Can you tell me a little about what working on a case like this has meant to you on a personal level?

In December, it’ll be three years where this is all I do for a living. In 2018, Jeffrey Simon [founding partner of Simon Greenstone Panatier, where Neil works] gave a presentation on what we knew at that time of the opioid epidemic. And I had seen chit chat about the epidemic. But I had also grown up in pill culture and around addicts, to some extent. Even though, you know, I grew up in an upper middle class family. My dad was a trial lawyer too. And I just heard in my head ‘addicts, blah blah blah.’ But when Jeffrey gave this PowerPoint, I just felt so much forgiveness in a moment, especially for my own mother, who died from an overdose in 2010. 

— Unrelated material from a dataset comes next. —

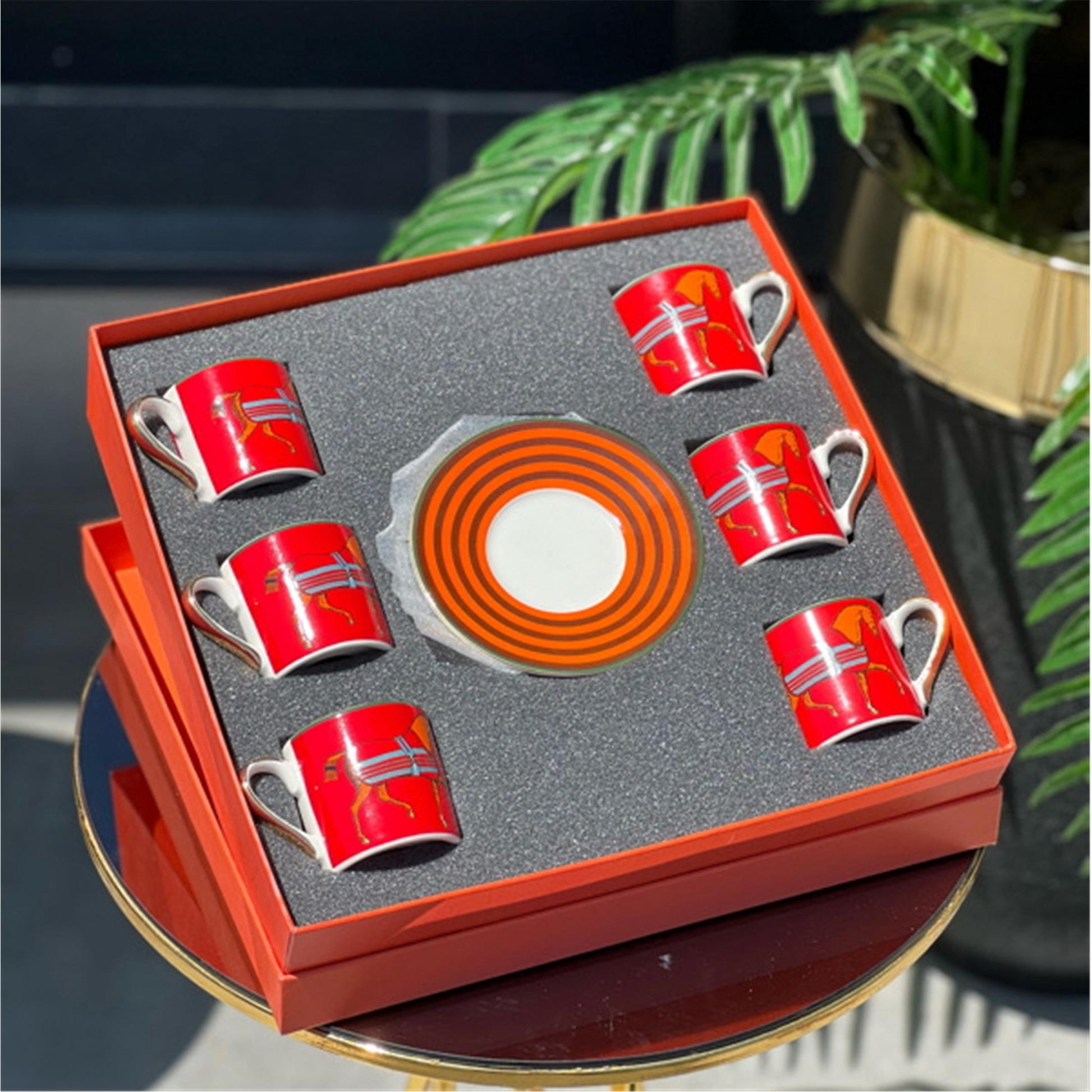 Porselen 6lı Fincan Seti Kırmızı At Model

Part of what I have done in this case is show experts her death certificate. Even though it was a drug overdose, that was listed No. 3 on the death certificate, and it was called a natural death by the doctor in the hospital. So her overdose didn’t count toward CDC mortality data or suicide numbers or anything. It was just like she never existed. Growing up in the pill culture and around her addiction, I naturally had a lot of anger. This lawsuit is really helping to change the conversation where addicts are concerned. So much of the judgment and anger I had toward my mother has gone away because of the forgiveness that I found in the truth. That’s been the most important part of this litigation to me, is changing the way I think about addicts, forgiving myself and the addict for everything that’s happened, and then figuring out how we’re going to change the conversation going forward.

What else should people know about all of this?

My four-alarm fire right now is fentanyl. There has been a sharp uptick in fentanyl in the past three years. The supply of prescription opioids has shifted downward, just enough to create a market for fake pills. We’re seeing fentanyl showing up in places we never thought it would, in other recreational drugs. With a pill culture like we have in Dallas, I see a real danger. Recreational drug use is extremely common and to act like it’s not is just not connected to reality. 

It seems in recent years the conversation really has changed, and there’s a growing acknowledgment of how anyone can become a drug addict.

That’s what makes this a public health issue, not a criminal justice issue. There are so many people that have access to these drugs specifically because they’re just floating around in everyone’s medicine cabinet.